To get started, I’d take a look at what is already out there. Disaster relief is “sexy” in terms of aid (it’s quick and has fewer moral complexities than your average aid project,) so the field is pretty saturated.
After disasters, especially in very poor countries, all these foreigners come flooding in- and their efforts are not always useful. There are a lot of yahoos out there, and a lot of aid cowboys with good intentions but severely misguided notions who end up sucking up resources, adding to the confusion, and not really helping much of anyone.

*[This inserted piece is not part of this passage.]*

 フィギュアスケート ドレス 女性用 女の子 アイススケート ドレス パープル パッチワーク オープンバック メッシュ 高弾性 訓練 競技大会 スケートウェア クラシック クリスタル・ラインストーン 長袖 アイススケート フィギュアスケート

After the tsunami in Thailand there were people bringing in stuff like baby bottles and diapers (which rural Thais generally don’t use) and bales of winter clothes that nobody wanted (and which then rotted in the rains and became breeding grounds for disease) and piles of food that depressed local food markets and made it impossible for poor farmers to recover. Unqualified or semi-qualified people came in offering dangerously inadequate physical and psychological health care with a worrying lack of follow up support- people might get one shot in a series of inoculations, and not have the structure to know or get the complete care they needed. And all these extra people clogged up infrastructure and resources that were desperately needed by others. In other words, there are some very good reasons to take the planning of what you are doing very seriously. Sometimes nothing is better than something.
If your goal is to make the maximum positive impact, you are going to have to do some honest examination of what you can do with the money versus what that money could do in an already existing organization such as the Red Cross. Poor communication between aid providers, service overlap, and projects that end up competing against each other are a massive problem in aid and waste millions. It’s irresponsible to start a project without making sure that you really do have something to offer that can’t be done better elsewhere. The existing organizations (Red Cross, Doctors without Borders, etc.) have spent years putting their infrastructure in place. It’s a waste to completely reinvent the wheel every time someone wants to do good, simply because someone wants to feel like they are in charge.

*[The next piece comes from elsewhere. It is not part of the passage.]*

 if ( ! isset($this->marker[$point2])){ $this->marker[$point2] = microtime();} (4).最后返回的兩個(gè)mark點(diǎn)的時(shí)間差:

Once you have done this research and determined what you can contribute, then contact a professor of humanitarian assistance for literature recommendations. The UN and most of the major organizations put up all their literature (including best practices, evaluations of previous efforts, etc.) on the web for free. You can learn from that. There are decades of rigorous studies (and theory to compliment it) trying to suss out exactly what does and does not work. Get a working familiarity in the field. Then you will want to start working with some professionals (or getting some professional knowledge) regarding designing aid projects. There is a whole set of lingo and some key tools you will need to be able to learn to be taken seriously in the field.

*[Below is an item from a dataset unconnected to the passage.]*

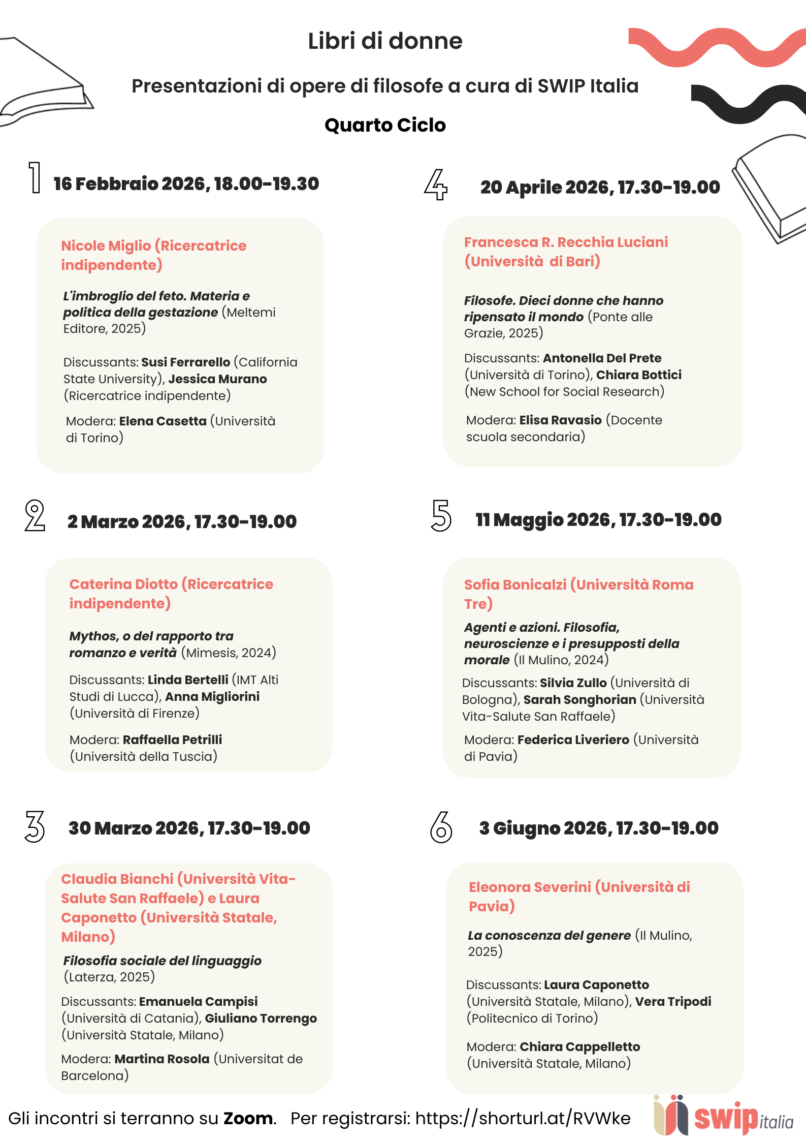 Da alcuni anni SWIP Italia organizza l’iniziativa: Libri di donne. Presentazioni di opere di filosofe.

I’m not trying to burst your bubble, but rather encourage you to dream in a constructive way. One person can make a huge difference, and lots of world-changing projects have started with a dream. But it’s equally true that anyone who can scrape up money for a plane ticket can start thinking they are going to be able to help out, and unfortunately that isn’t true. If you are going to think about how to do this, you have to think from the beginning about how to do the best possible job.